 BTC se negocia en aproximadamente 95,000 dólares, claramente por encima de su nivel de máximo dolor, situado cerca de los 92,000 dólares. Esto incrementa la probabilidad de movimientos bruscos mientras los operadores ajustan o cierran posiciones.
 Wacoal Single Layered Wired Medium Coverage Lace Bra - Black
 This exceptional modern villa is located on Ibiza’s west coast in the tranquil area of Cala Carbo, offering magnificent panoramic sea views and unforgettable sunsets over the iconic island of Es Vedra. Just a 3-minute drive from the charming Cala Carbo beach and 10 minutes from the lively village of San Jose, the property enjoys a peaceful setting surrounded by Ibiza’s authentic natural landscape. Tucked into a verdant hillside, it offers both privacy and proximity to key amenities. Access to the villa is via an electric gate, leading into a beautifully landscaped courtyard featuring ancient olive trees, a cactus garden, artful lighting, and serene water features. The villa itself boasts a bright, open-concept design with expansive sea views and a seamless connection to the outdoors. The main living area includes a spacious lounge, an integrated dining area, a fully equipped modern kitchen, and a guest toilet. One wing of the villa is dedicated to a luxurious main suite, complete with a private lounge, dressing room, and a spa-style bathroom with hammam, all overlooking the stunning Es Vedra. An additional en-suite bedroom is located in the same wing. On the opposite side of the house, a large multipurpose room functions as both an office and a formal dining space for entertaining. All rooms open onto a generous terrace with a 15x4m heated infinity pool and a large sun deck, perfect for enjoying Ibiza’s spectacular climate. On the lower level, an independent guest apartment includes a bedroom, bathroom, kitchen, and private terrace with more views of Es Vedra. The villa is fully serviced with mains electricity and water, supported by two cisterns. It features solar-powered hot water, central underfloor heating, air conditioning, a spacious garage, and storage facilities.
* * *
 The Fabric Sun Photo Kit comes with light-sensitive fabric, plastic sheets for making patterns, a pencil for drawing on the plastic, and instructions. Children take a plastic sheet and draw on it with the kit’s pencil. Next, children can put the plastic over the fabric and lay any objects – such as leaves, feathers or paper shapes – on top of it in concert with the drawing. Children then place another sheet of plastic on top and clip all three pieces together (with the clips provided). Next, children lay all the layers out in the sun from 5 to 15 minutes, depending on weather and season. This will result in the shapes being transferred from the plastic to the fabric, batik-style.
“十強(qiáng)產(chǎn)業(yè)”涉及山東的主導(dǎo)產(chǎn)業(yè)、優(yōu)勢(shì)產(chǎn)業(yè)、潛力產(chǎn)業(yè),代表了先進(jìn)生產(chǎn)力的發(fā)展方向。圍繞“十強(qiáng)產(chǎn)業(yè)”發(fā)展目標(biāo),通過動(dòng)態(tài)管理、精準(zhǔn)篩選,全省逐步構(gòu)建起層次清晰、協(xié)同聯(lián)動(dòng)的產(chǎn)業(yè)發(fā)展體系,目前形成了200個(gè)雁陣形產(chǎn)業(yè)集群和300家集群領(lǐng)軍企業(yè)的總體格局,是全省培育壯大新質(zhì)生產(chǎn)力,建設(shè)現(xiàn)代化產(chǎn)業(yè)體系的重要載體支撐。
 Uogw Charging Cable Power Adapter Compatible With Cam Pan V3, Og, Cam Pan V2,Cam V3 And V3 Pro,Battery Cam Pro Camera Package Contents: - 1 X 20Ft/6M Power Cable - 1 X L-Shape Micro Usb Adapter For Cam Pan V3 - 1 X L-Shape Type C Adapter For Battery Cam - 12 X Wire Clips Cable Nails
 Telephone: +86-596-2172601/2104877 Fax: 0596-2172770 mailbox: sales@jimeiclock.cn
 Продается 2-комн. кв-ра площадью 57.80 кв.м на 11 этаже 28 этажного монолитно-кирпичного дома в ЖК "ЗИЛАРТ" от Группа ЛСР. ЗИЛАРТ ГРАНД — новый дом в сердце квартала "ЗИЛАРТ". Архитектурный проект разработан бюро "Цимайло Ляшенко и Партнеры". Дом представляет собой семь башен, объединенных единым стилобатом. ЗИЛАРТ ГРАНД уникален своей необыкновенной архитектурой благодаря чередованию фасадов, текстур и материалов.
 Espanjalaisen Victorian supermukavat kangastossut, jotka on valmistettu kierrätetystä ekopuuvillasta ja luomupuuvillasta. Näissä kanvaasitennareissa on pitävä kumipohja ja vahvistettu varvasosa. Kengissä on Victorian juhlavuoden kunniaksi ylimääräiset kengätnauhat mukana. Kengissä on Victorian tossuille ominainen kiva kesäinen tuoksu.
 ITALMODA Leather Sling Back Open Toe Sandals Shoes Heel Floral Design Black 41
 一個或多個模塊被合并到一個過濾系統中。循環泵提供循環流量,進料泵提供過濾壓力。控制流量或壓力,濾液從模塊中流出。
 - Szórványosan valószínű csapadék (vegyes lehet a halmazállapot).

### [Task details]
Sift the material for lines with the string "Black". Copy each one found.

### [Answer box]
 Wacoal Single Layered Wired Medium Coverage Lace Bra - Black
 ITALMODA Leather Sling Back Open Toe Sandals Shoes Heel Floral Design Black 41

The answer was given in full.